Kish S J, el-Awar M, Schut L, Leach L, Oscar-Berman M, Freedman M
Human Brain Laboratory, Clarke Institute of Psychiatry, Toronto, Ontario.
Ann Neurol. 1988 Aug;24(2):200-6. doi: 10.1002/ana.410240205.
A cerebral cortical cholinergic reduction in dominantly inherited olivopontocerebellar atrophy (OPCA) was recently described. Although the magnitude of the cholinergic reduction was similar to that observed in Alzheimer's disease (AD), none of the OPCA patients was reported to have been demented. We now describe a comprehensive neuropsychological assessment of 11 patients from one of the OPCA pedigrees which we examined biochemically. Detailed neuropsychological testing disclosed previously unrecognized deficits in verbal and nonverbal intelligence, memory, and frontal system function which were positively correlated with the severity of cerebellar ataxia. However, our OPCA patients appeared to be at most only mildly disabled by their cognitive impairment and scored within or close to the normal range on a simple mental status screening examination. This, as well as an absence of any aphasia, apraxia, or agnosia, contrasts with the profile and severity observed in advanced AD dementia, characterized by a similar cortical cholinergic deficit. This finding also suggests that cholinergic reduction may explain only part of the pathophysiology underlying the dementia of AD.
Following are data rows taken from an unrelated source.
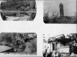 古市石塔鶴岡村古市に在り年代審ならず方四尺高さ二丈五尺余十三層方なり四面悉く彿像を刻す古色蒼然数百年前の物なるべし蓋佐伯惟冶以前の寺蹟少なからず古塔所在を道成寺と称す其上方に長雲寺光明寺の趾あり前面脇村の山上に一上寺二上寺山上寺の趾あり輪塔の残片を見る常時佛法の盛なるを知るべし 尺間神社 今のパノラマ大坂本尺間山上に在り養老元年六月二十四日神托に因て山城国愛宕神社の神霊を勧請成す 釣り橋 今のパノラマ因尾川の上流中野村に在り、明治三十一年の新設なり古来の難路頓に易行の道となる 彿座 今のパノラマ因尾道路に在り、因尾川に岩骨突出して道を塞ぐ、岩の間自ら空洞道をなす |
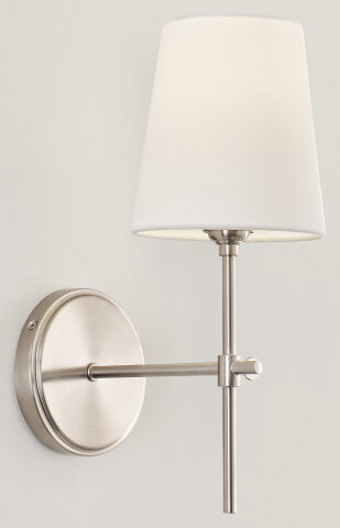 SCONCE W/ SLENDER STEM AND SHADE BRUSHED NICKEL FABRIC WHITE LINEN
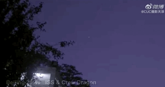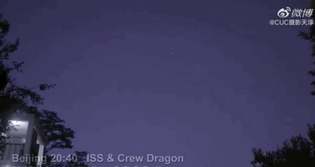 北京时间晚上20:40分,可以看到国际空间站清晰的轮廓,和跟在后面的龙飞船。
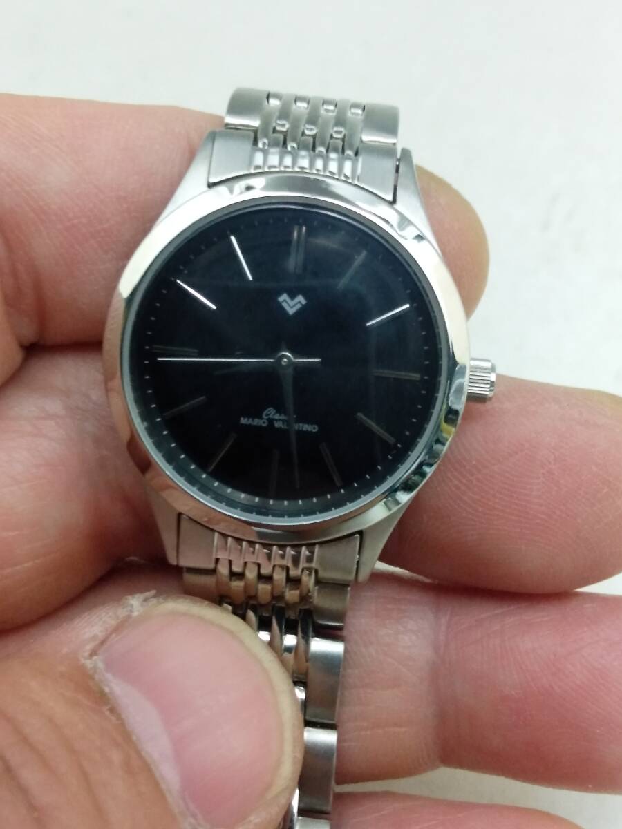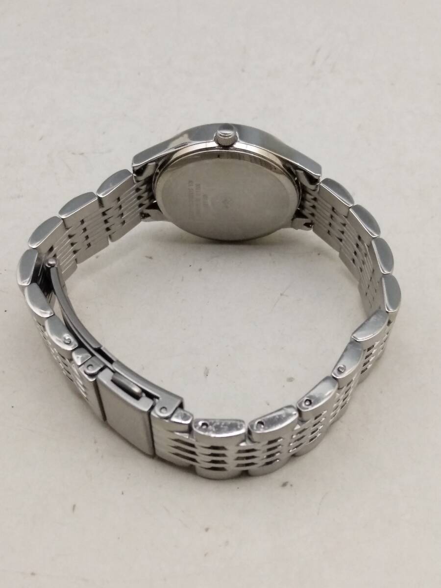 0421-0009  中古★MARIO VALENTINO マリオ ヴァレンティノ ウォッチ 腕時計 MV-507 QZ クォーツ シルバー 黒文字盤 レディース
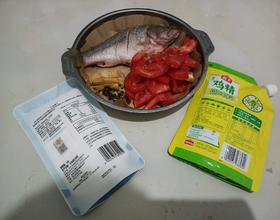 .鲈鱼鱼鳞和内脏洗净,身划数刀面反,生姜片切。西红柿净干切片,花椒去种。
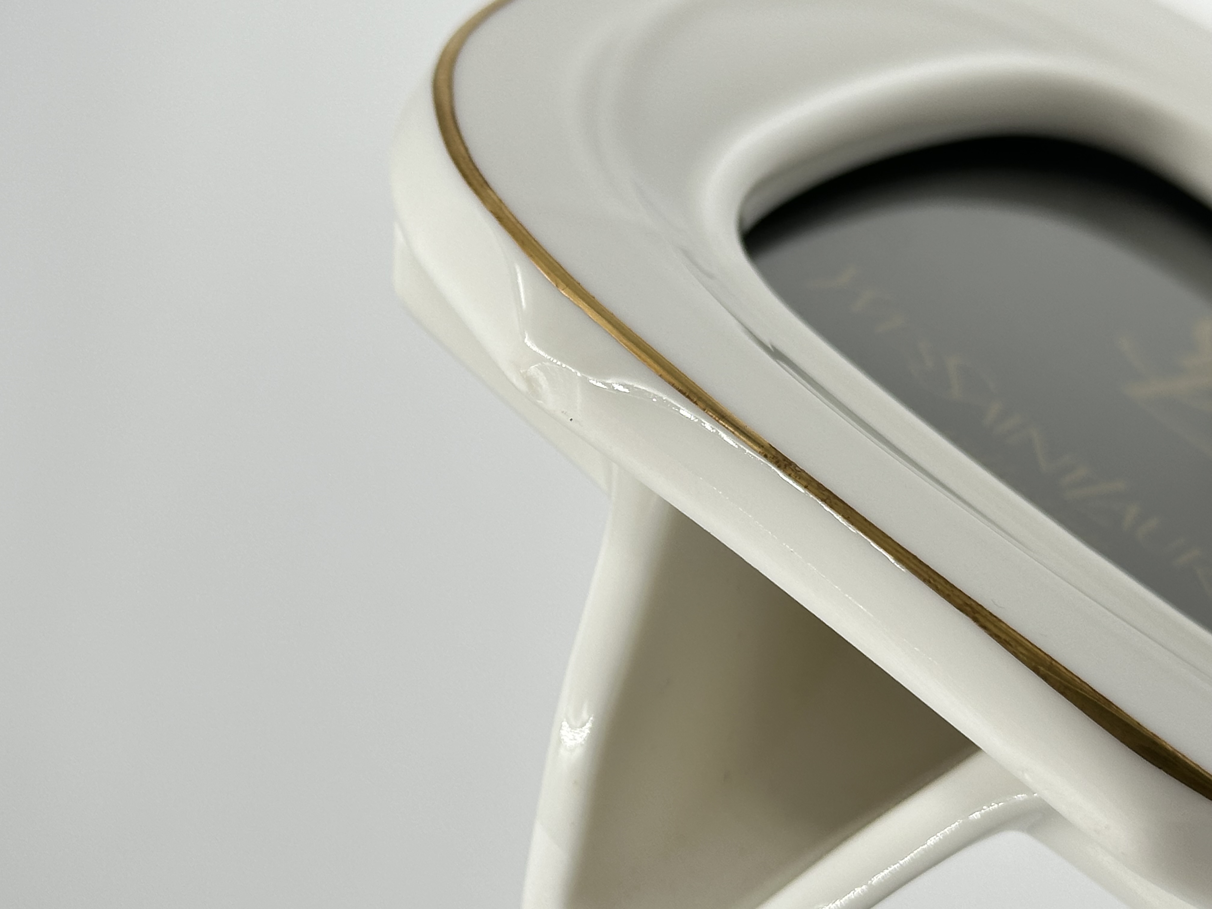 Фарфор. Вставка - пластик. Размер рамки 14 х 16,5см. Размер фото 8,3 х 13см. На основании присутствует небольшой скол.
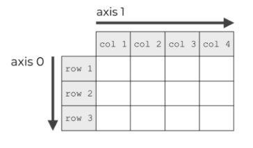 넘파이와 같이 판다스에서 행은 axis=0이며 열은 axis=1로 지정할 수 있습니다.
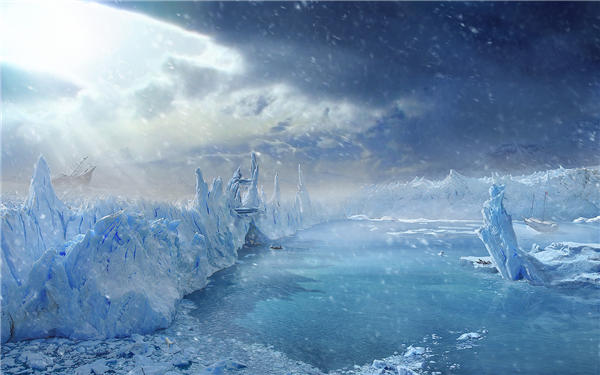 壁纸简介:这是一张冰川的壁纸,冰川是水的一种存在形式,是雪经过一系列变化转变而来的。这张壁纸中,天空中被乌云遮住,只能看到几束阳光,从阳光下,我们可以看到漫天的雪

最近有研究描述了常染色体显性遗传性橄榄体脑桥小脑萎缩(OPCA)中大脑皮质胆碱能的减少。尽管胆碱能减少的程度与阿尔茨海默病(AD)中观察到的相似,但据报道,没有一例OPCA患者出现痴呆症状。我们现在描述了对来自一个OPCA家系的11名患者进行的全面神经心理学评估,我们对这些患者进行了生化检查。详细的神经心理学测试揭示了言语和非言语智力、记忆以及额叶系统功能方面以前未被认识到的缺陷,这些缺陷与小脑性共济失调的严重程度呈正相关。然而,我们的OPCA患者似乎最多只是受到轻度认知障碍的影响,在简单的精神状态筛查检查中得分在正常范围内或接近正常范围。这一点,以及没有任何失语症、失用症或失认症,与晚期AD痴呆中观察到的特征和严重程度形成对比,后者的特征是类似的皮质胆碱能缺陷。这一发现还表明,胆碱能减少可能仅解释了AD痴呆潜在病理生理学的一部分。